Those lines of the data that hold the word "with" are to be copied out.

* _Provided data_:
:::

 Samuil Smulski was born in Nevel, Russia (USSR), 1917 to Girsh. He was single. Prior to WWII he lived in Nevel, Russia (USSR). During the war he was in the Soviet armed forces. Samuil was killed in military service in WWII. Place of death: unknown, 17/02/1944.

:::

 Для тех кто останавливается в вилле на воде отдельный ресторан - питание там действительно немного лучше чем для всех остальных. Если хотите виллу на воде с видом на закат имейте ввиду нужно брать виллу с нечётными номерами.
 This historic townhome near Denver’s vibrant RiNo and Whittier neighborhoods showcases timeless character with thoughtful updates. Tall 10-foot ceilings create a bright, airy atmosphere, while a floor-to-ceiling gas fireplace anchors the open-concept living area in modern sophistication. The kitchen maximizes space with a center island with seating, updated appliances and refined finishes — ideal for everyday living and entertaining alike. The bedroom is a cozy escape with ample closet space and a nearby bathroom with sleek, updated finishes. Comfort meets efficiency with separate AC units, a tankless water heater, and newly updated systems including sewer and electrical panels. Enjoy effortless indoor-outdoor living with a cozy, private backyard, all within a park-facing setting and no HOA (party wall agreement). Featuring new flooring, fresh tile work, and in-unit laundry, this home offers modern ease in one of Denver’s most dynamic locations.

:::

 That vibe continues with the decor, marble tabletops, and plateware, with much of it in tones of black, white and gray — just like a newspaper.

:::

* _Answer for the task_:
 This historic townhome near Denver’s vibrant RiNo and Whittier neighborhoods showcases timeless character with thoughtful updates. Tall 10-foot ceilings create a bright, airy atmosphere, while a floor-to-ceiling gas fireplace anchors the open-concept living area in modern sophistication. The kitchen maximizes space with a center island with seating, updated appliances and refined finishes — ideal for everyday living and entertaining alike. The bedroom is a cozy escape with ample closet space and a nearby bathroom with sleek, updated finishes. Comfort meets efficiency with separate AC units, a tankless water heater, and newly updated systems including sewer and electrical panels. Enjoy effortless indoor-outdoor living with a cozy, private backyard, all within a park-facing setting and no HOA (party wall agreement). Featuring new flooring, fresh tile work, and in-unit laundry, this home offers modern ease in one of Denver’s most dynamic locations.
 That vibe continues with the decor, marble tabletops, and plateware, with much of it in tones of black, white and gray — just like a newspaper.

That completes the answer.